I think we all have friends like this. My unemployed friends are the ones that always want the biggest salaries as long as they don't have to do anything for them! Last year I could have put my friend's resume at the top of the list when banks were hiring like crazy, get them a remote $120k+ job in no more than 2 interview rounds. You'd have an easier time breaking into Fort Knox than getting them to work. 

 

If you have read Voltaire’s short story Candide, then don’t forget the main takeaway: “We must cultivate our garden”.

If you haven’t read it, you must read it - this message is meant for you.

 

I ain't reading all that but congrats, or sorry that happened to you.In all seriousness do we really need these "woe is me" philosophical meaning of life word vomits every 2 weeks about the money you're making? You know what people do when they feel like they make too much money? They give it away. Be a Good Samaritan, live below your means and donate the rest widely. As much as you’re troubled by making an inordinate amount of money that gives you more power to be a vessel and bless other people with the excess you earned. You don't have to hoard it, relax.

 

the answer is no, but there are a lot of other way more undeservedly compensated people. among them:

- vast majority of tiktokers, IGers, other "influencers" (they can only influence kids and brain dead young adults)

- pretty girls who get a lot of things for free cause guys pay for them

- trust fund kids.

so don't feel bad about yourself. at least you spent a huge chunk of your life studying and working and are putting up with a lot of bullshit and stress to be paid what you make.

 
Controversial

Do We Really Deserve The Money We Make?

Absolutely.
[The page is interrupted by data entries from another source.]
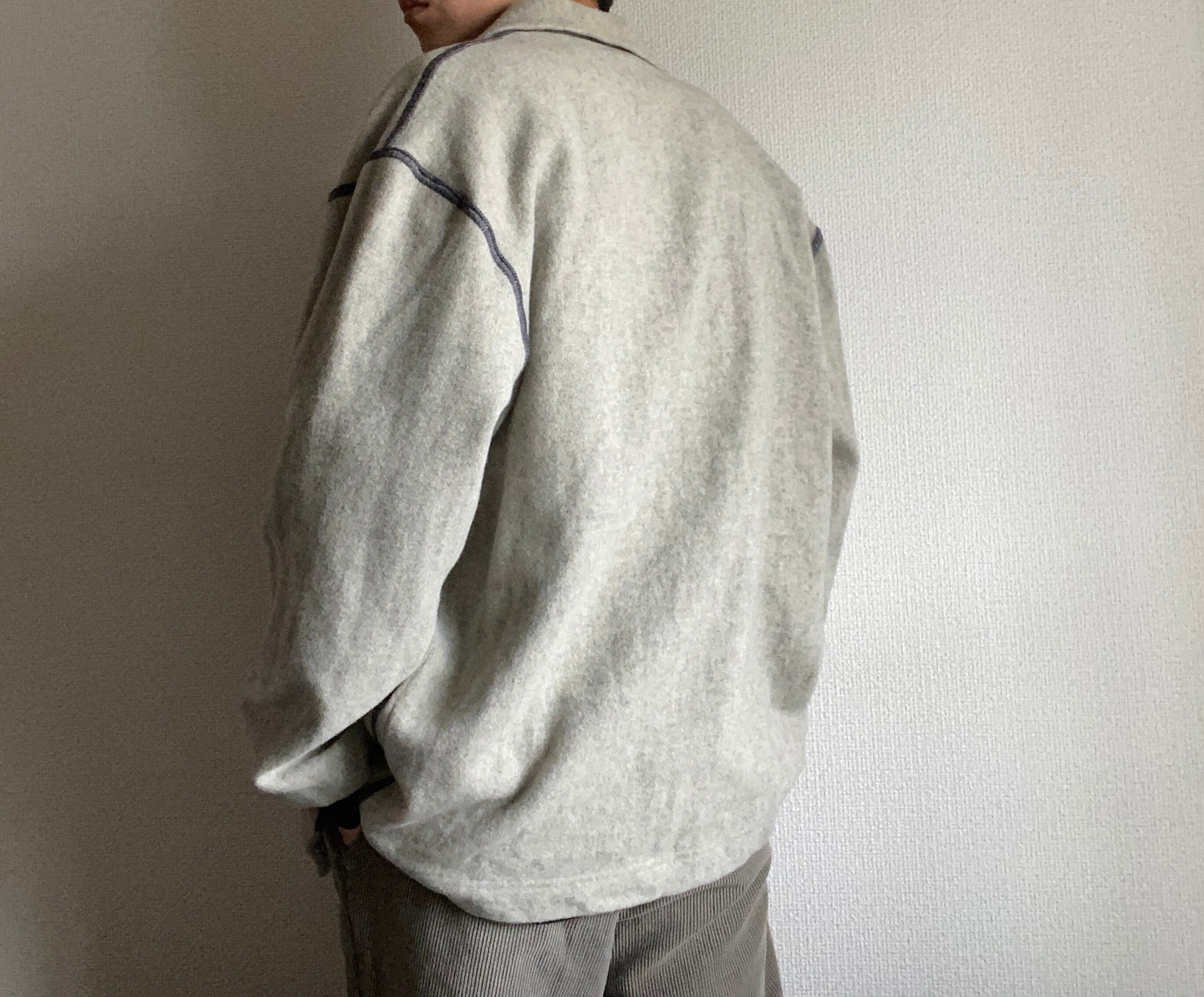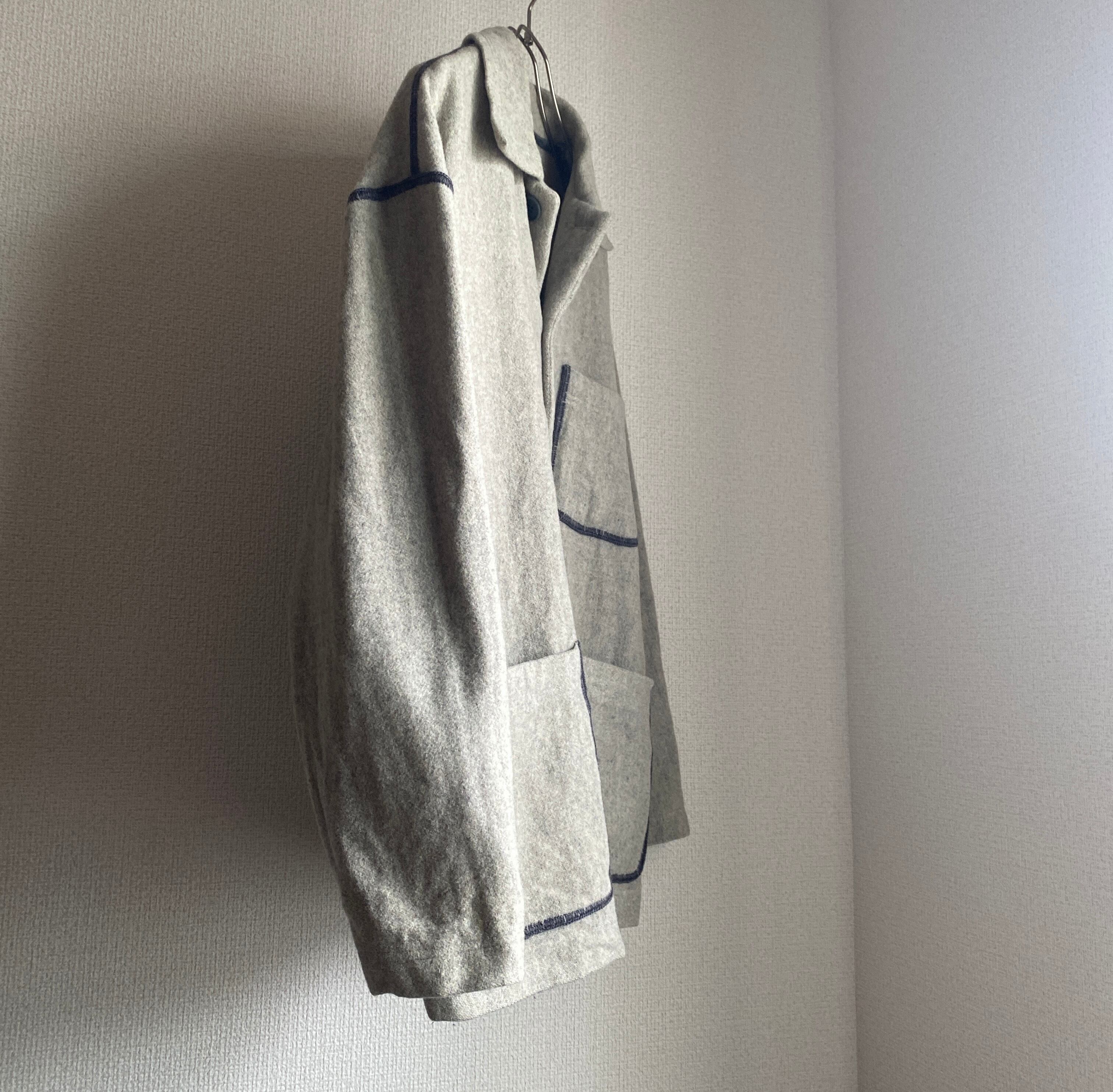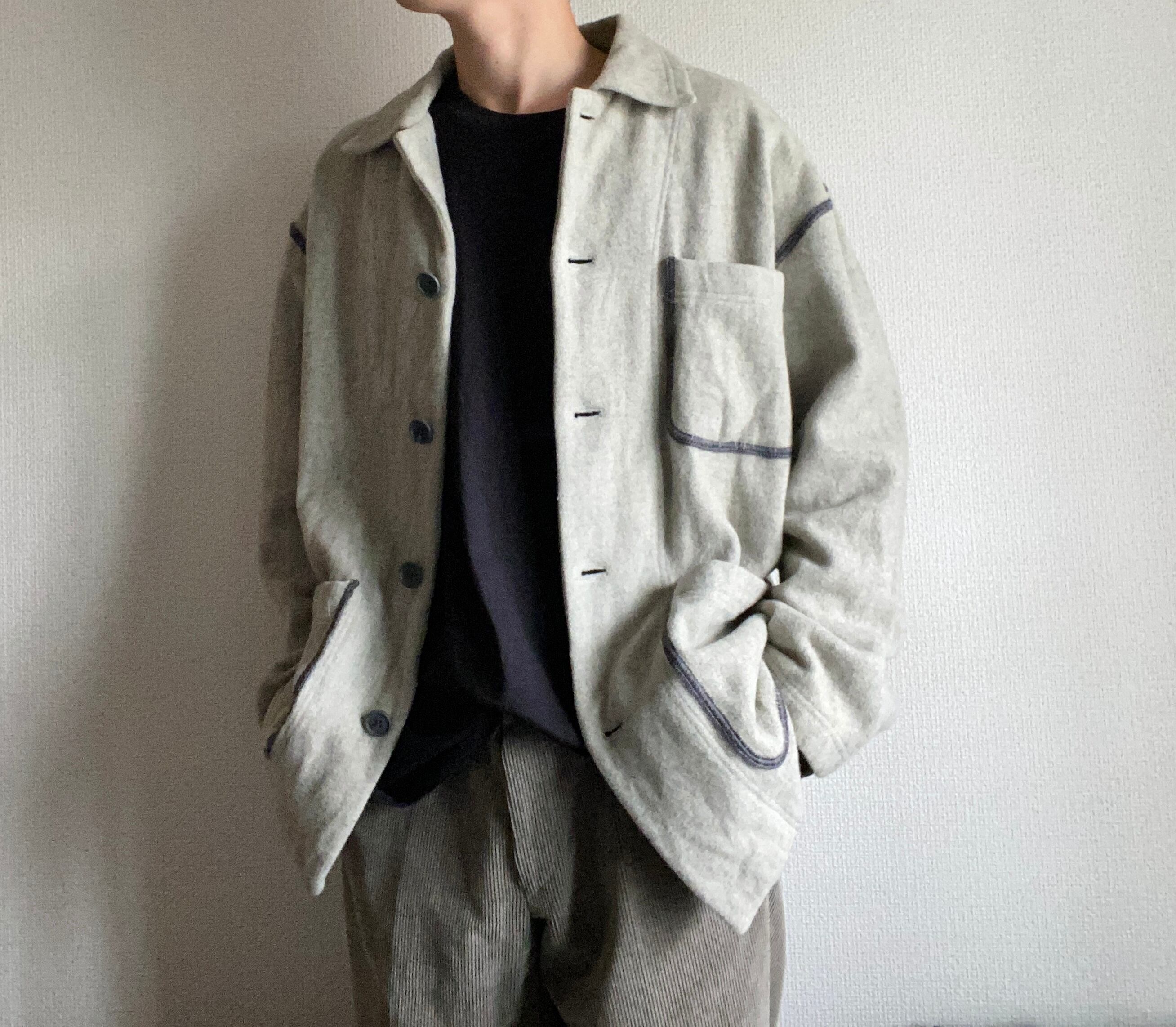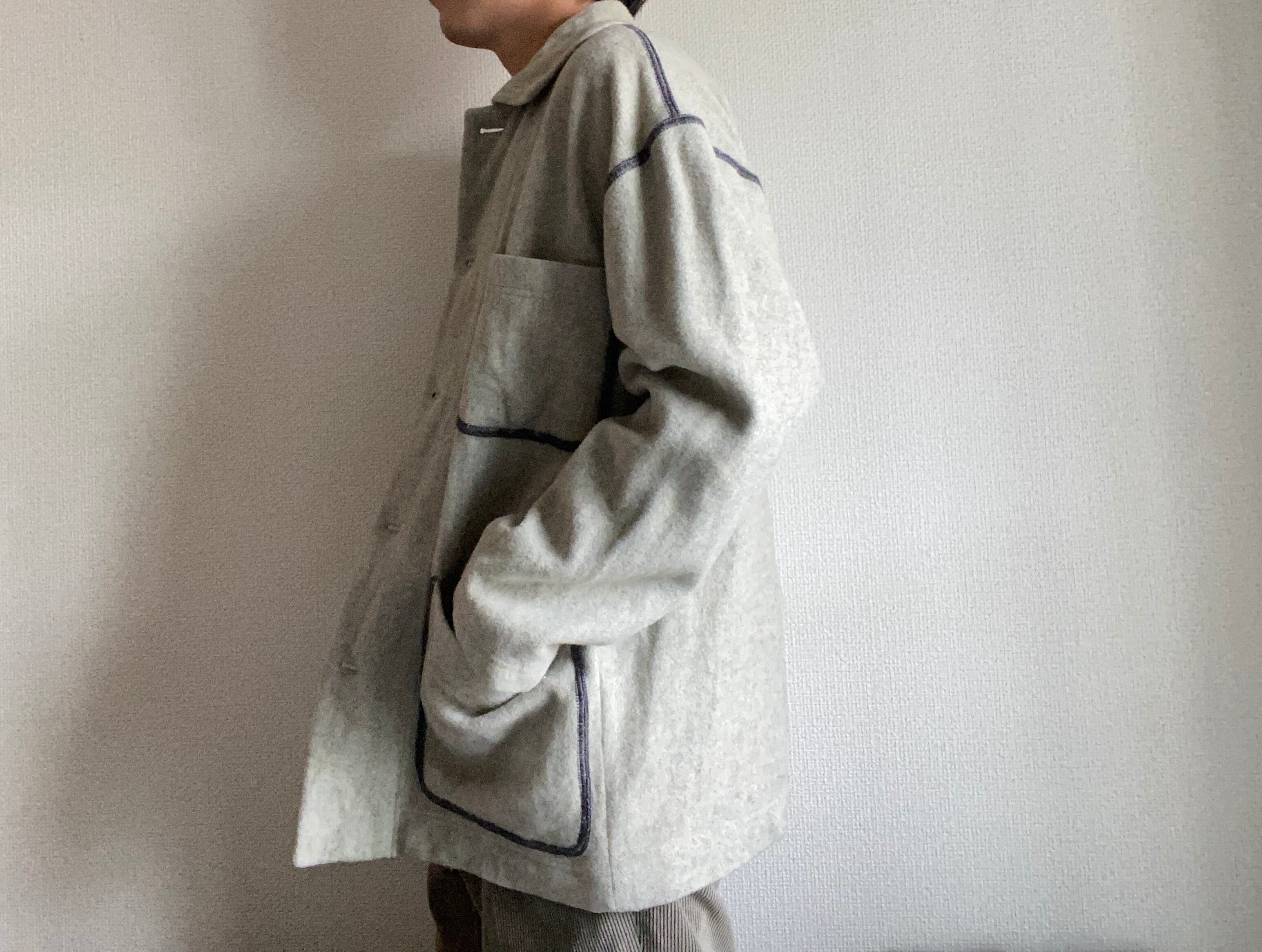 淡いグレーベージュ系の絶妙な色目に、柔らかなメルトン質感、ステッチ部分のアクセントや今風のルーズなシルエットが非常に素晴らしい一着。
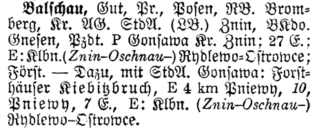 Prov Posen - The Province shows which Province or State the place is located in. Balschau is located in Posen.
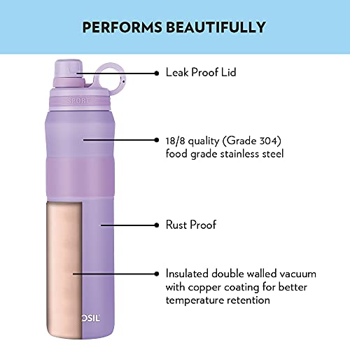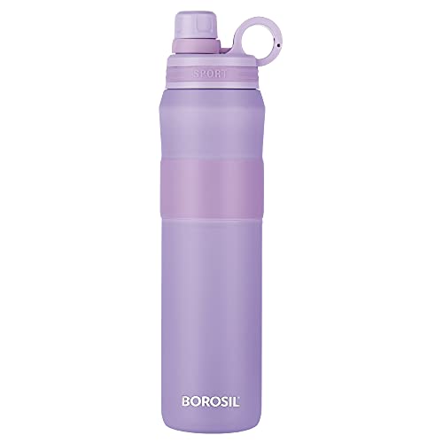 Borosil Hydra Thirst Burst Lavender Water Bottle, Stainless Steel Water Bottles, Vacuum Insulated Flask Bottles, 800 ml, Lavender Light Purple
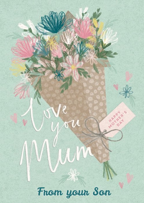 Illustrated Flower Bouquet Love You Mum From Your Son Mother's Day Card
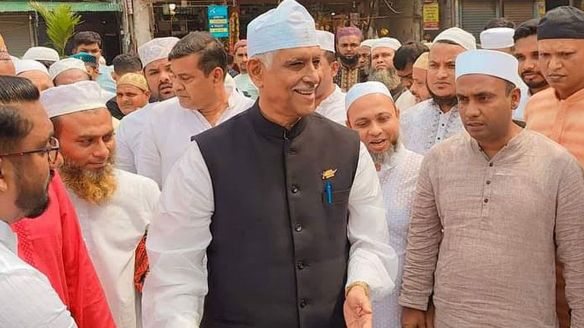 গত শুক্রবার নামাজ শেষে লোকজনের সঙ্গে কুশল বিনিময় করেন আজমত উল্লাহ খান/ফাইল ছবি
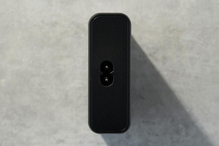 뒷면에는 케이블을 연결할 수 있는 AC 커넥터가 배치되어 있습니다. 이렇게 전원선을 이용하는 어댑터들은 커넥터 일체형 충전기와 비교해서 설치 장소의 제약이 적은 편이라는 장점이 있습니다.
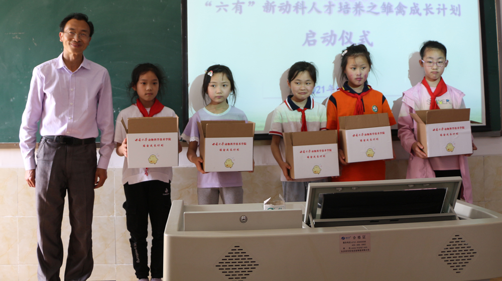 团委书记、学生工作办公室主任孙海军、辅导员彭香与党支部其他学生志愿者为小学生分发了鸡苗、饲料、饲养手册和学习用品。
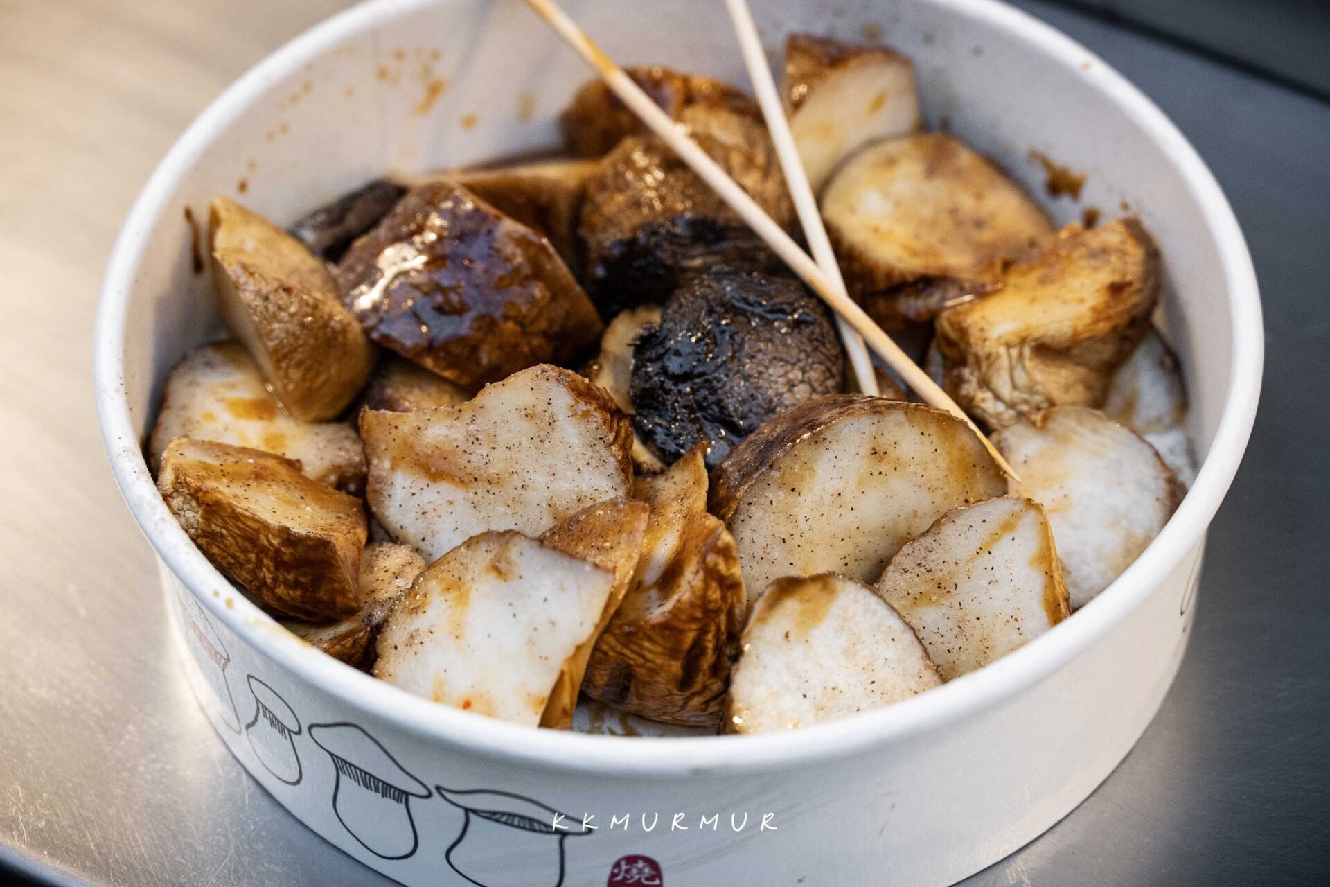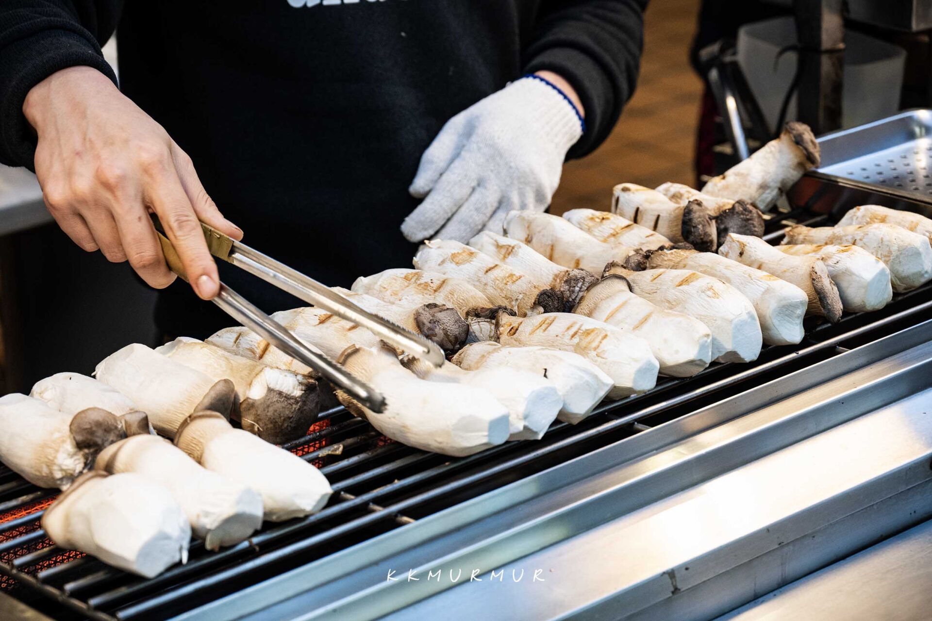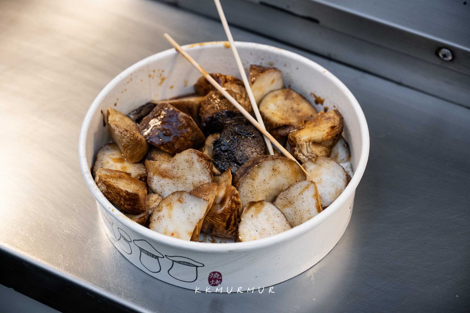 【燒烤杏鮑菇】下午四點半開始營業,我們是平日剛開門時到訪,一開始人潮不太多,點餐後大約5分鐘即拿到餐點,但之後沒多久就開始人潮湧入、大排長龍,不乏觀光客與一些在地人,平均等餐時間大約10-15分鐘,排隊的消化速度比想像中快上一些。
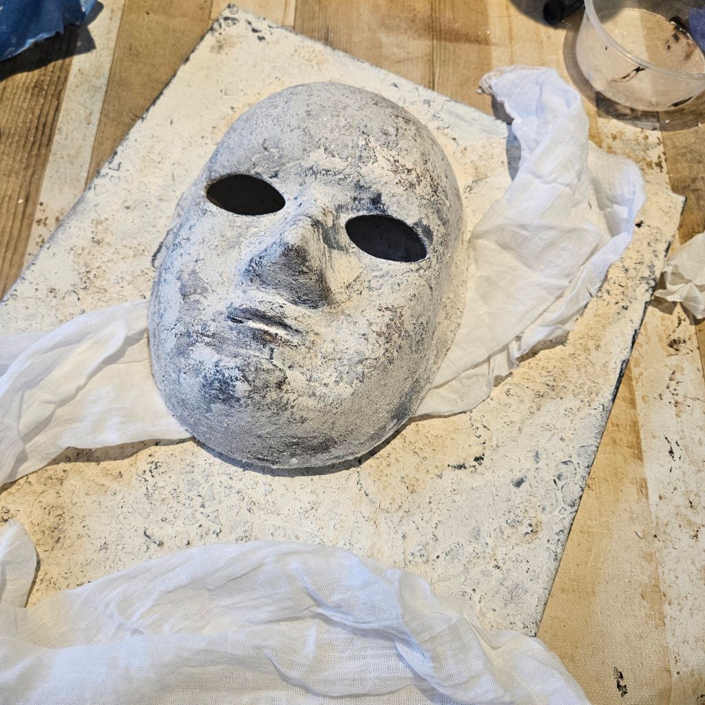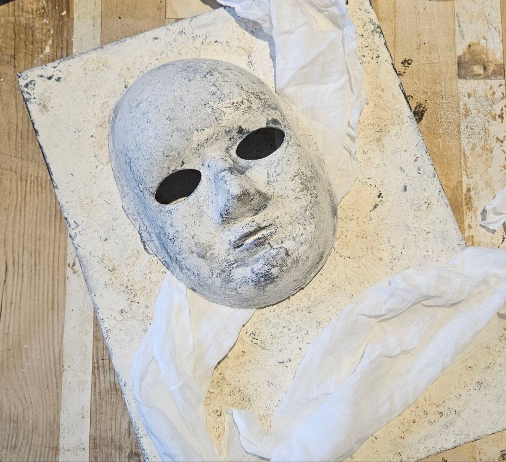 I have a canvas, a papier-mâché mask that Mr Portberry Crafts gave me for Christmas and some muslin cloth, a gift from my friend Jo at FloralStream crafts…. and my core Powertex products.
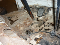 Var popnagla fast flust av plater her og der.. og gasspedalen satt faktisk skrudd fast til hele 3 forskjellige plater som var nagla fast i restene av gulvet...  Øyerulling
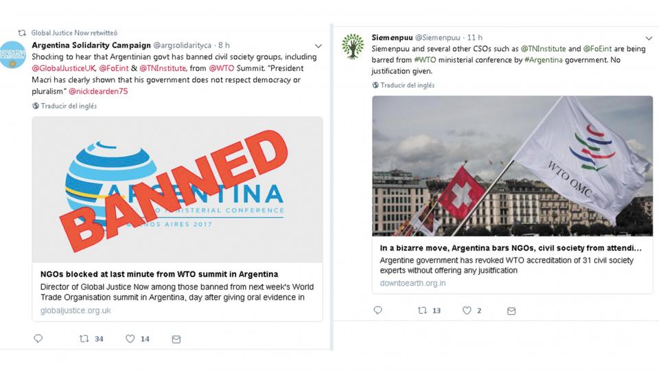 Entre las organizaciones rechazadas figuran 11.11.11 (Bélgica), Siemenpuu (Finlandia), Derechos Digitales (Chile), UNI Global Union (Suiza), Transnational Institute (Holanda) y People over profit (Filipinas). El listado incluyó a tres argentinas: Instituto del Mundo del Trabajo, Fundación Grupo Efecto Positivo y la Sociedad de Economía Crítica. "No pasó desapercibido que sobre el total de 20 organizaciones que fueron prohibidas solo dos provienen de corporaciones por lo que un número abrumador de representantes del mundo corporativo tendrán permitido ingresar", sostiene el texto. Los representantes de la sociedad civil que pretenden participar del evento advirtieron que es "irónico" que el hecho ocurra en simultáneo con la transferencia de la presidencia del G-20 de Alemania a la Argentina. "La exclusión de los delegados registrados ante la OMC es un precedente grave y preocupante, no sólo para la propia OMC y para el G20 bajo la presidencia argentina, sino para otras reuniones internacionales de este tipo".

People who say otherwise do not understand economics nor finance and aren't worth discussing with. It may sound harsh but it's true: people who work in IB/PE/HF are way smarter than the average Joe, works much harder and figured out earlier in life that focusing on their professional careers was the most mature and fulfilling life path.

People who envy us can just cope.

This year I made quite a lot of money - so much more than I expected that I started questioning the meaning of life.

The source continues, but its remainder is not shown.